# Welche Gründe führen zu einer endlos tiefen XML?



## javanatting (19. Jun 2015)

Hallo Leute,
ich habe ein kleines Problem. ich wollte Objekte in einer XML Datei speichern, habe auch entsprechende Annotationen benutzt und ein RootElement ausgewählt. Allerdings bekomme ich diese Exception auf meiner Konsole und bekomme das Problem auch nicht gelöst:

*com.sun.istack.internal.SAXException2: Ein Zyklus wird in dem Objektdiagramm ermittelt. Dies verursacht ein endlos tiefes XML*

Weiß jemand welche Faktoren eine solche Exception auslösen? Was könnte dahinter stecken? Und was bedeutet genau ein endlos tiefes XML? 
Ich hoffe jemand kann mir weiterhelfen 
danke schonmal


----------



## stg (19. Jun 2015)

Du hast irgendwo einen Zyklus, steht doch da...


----------



## javanatting (19. Jun 2015)

stg hat gesagt.:


> Du hast irgendwo einen Zyklus, steht doch da...

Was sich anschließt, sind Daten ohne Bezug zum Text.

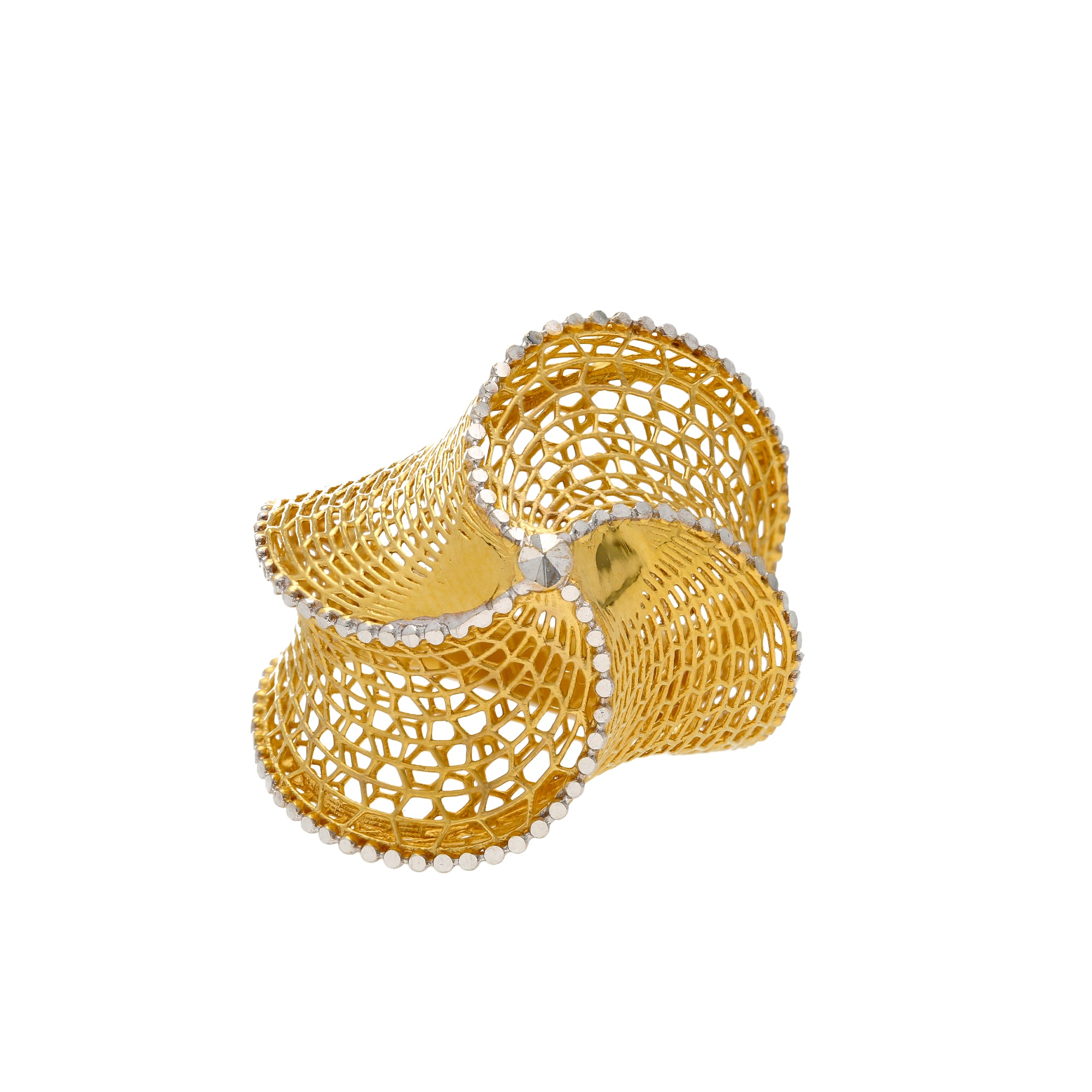 Add a uniquely fashionable ring to complete your look with this 22K Gold Abstract Cocktail Ring. This one of a kind 22k yellow and white gold cocktail ring for women has an ultra feminine design that will flatter any finger.

ich weiß dass irgendwo ein Zyklus ist. Aber wie kann ich ihn stoppen? habe wirklich vieles ausprobiert und meine vermutungen gehabt. allerdings hat das alles nicht geholfen. Hättest du eine Idee wonach ich nochmal suchen könnte?


----------



## Thallius (19. Jun 2015)

Eine Klasse hat ein Attribut welches auf seine eigene Instanz zeigt z.B.

Gruß

Thallius


----------



## javanatting (20. Jun 2015)

Thallius hat gesagt.:


> Eine Klasse hat ein Attribut welches auf seine eigene Instanz zeigt z.B.
> 
> Gruß
> 
> Thallius



Okay, vielen Dank ich schau gleich mal nach

Gruß

javanatting


----------